→ DATA SECTION:
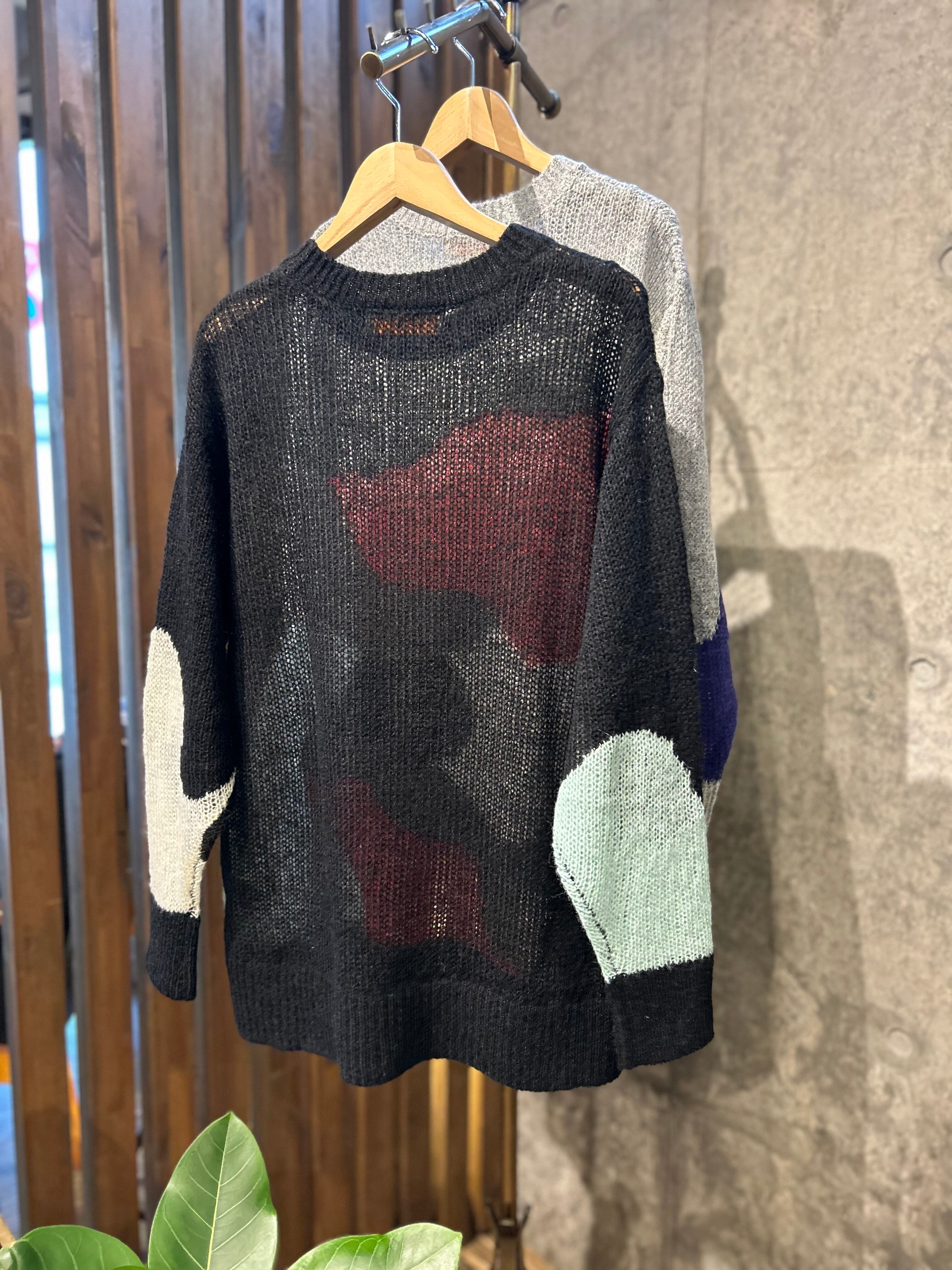 モヘアタッチの糸をローゲージに編んだ、透け感のあるニット。
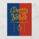 Suicide Squad - Property of Joker. Orange lettering with red and blue background.
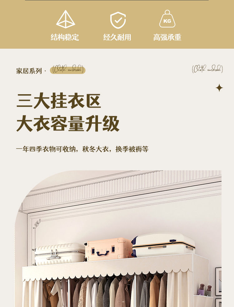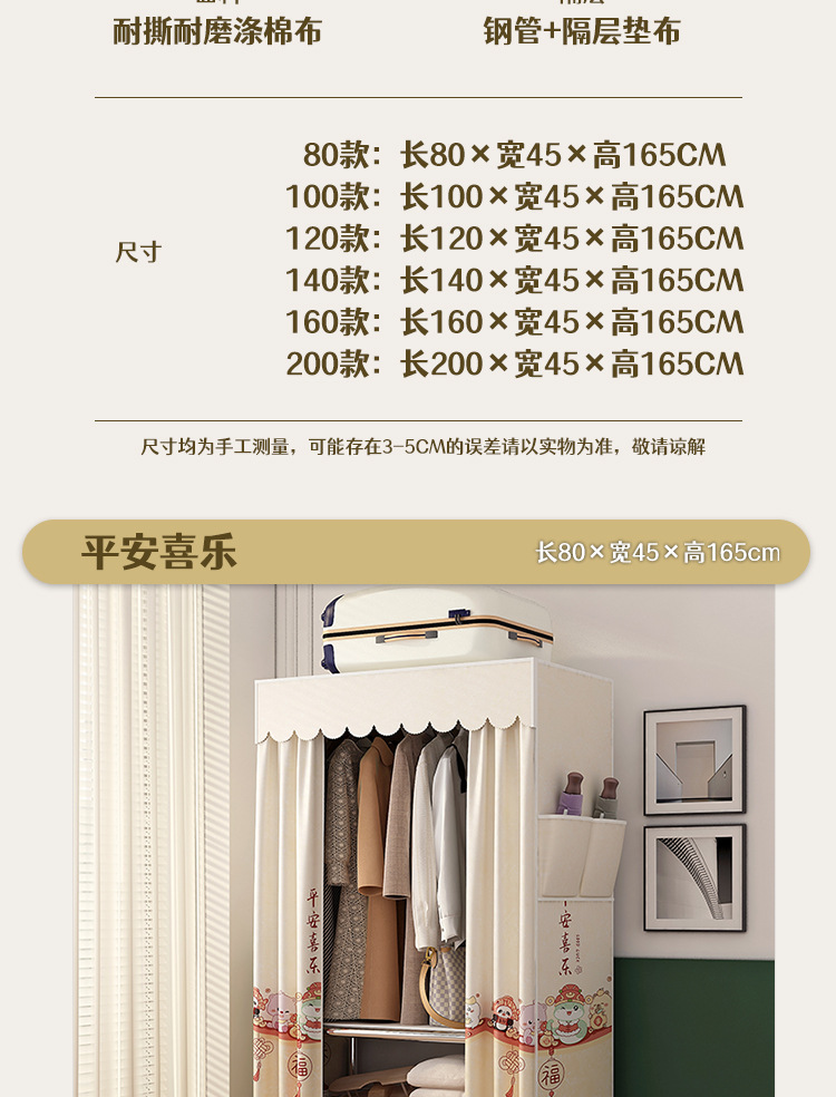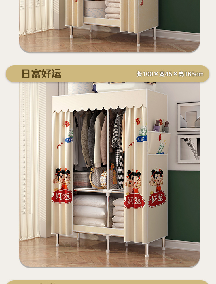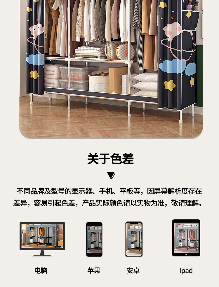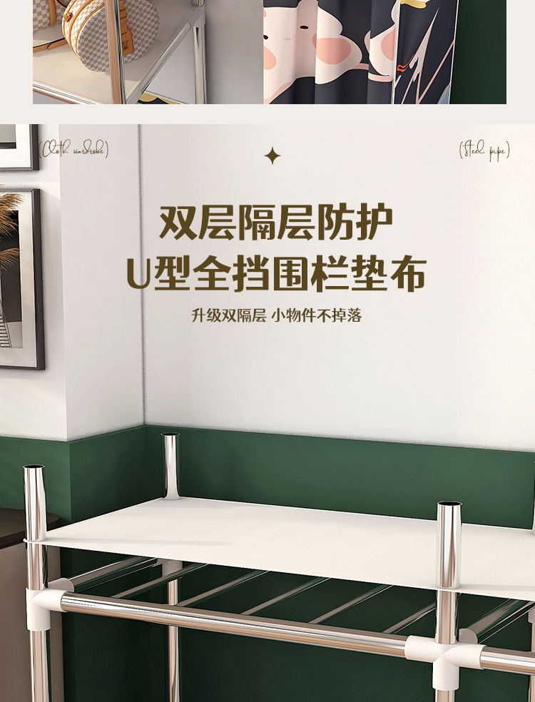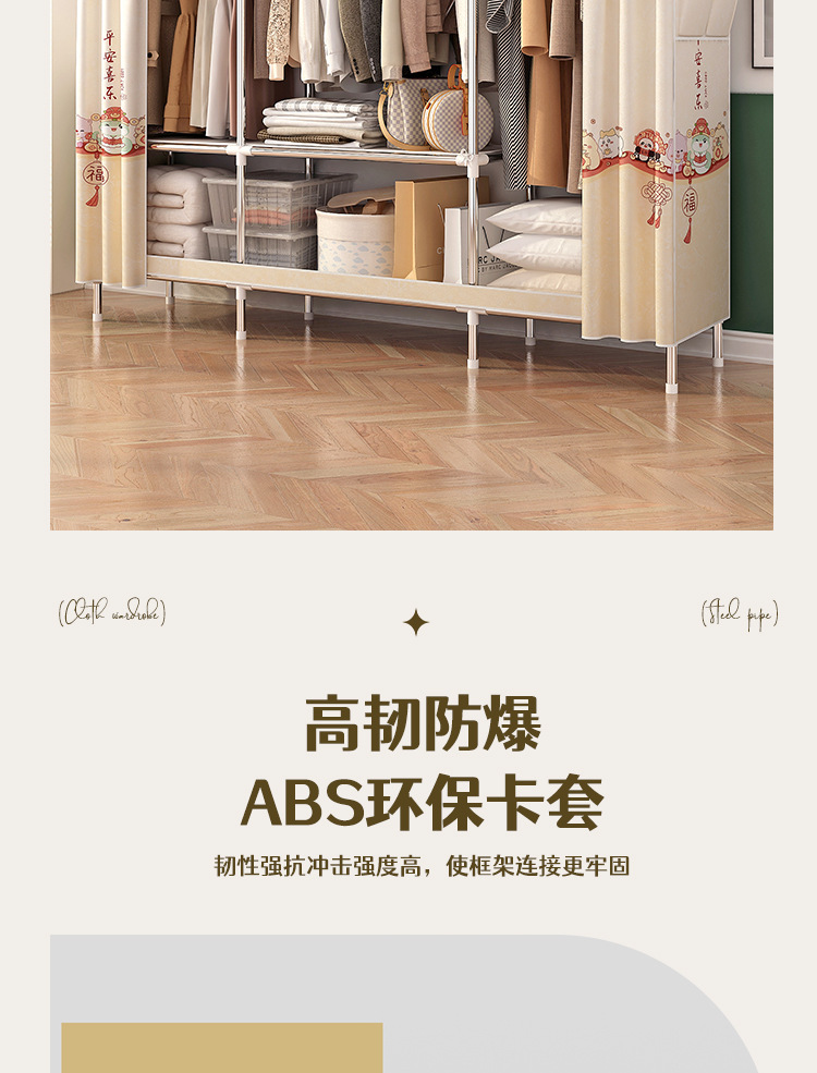 simple wardrobe metal steel pipe polyester fabrics cloth wardrobe bold economical assembly storage dormitory household wardrobe

→ WORK ORDER:
Leaving every picture out, write out exactly the lines from the one that holds "Suicide Squad - Property" through the end of the listing, both included.

→ FINISHED EXERCISE:
 Suicide Squad - Property of Joker. Orange lettering with red and blue background.
 simple wardrobe metal steel pipe polyester fabrics cloth wardrobe bold economical assembly storage dormitory household wardrobe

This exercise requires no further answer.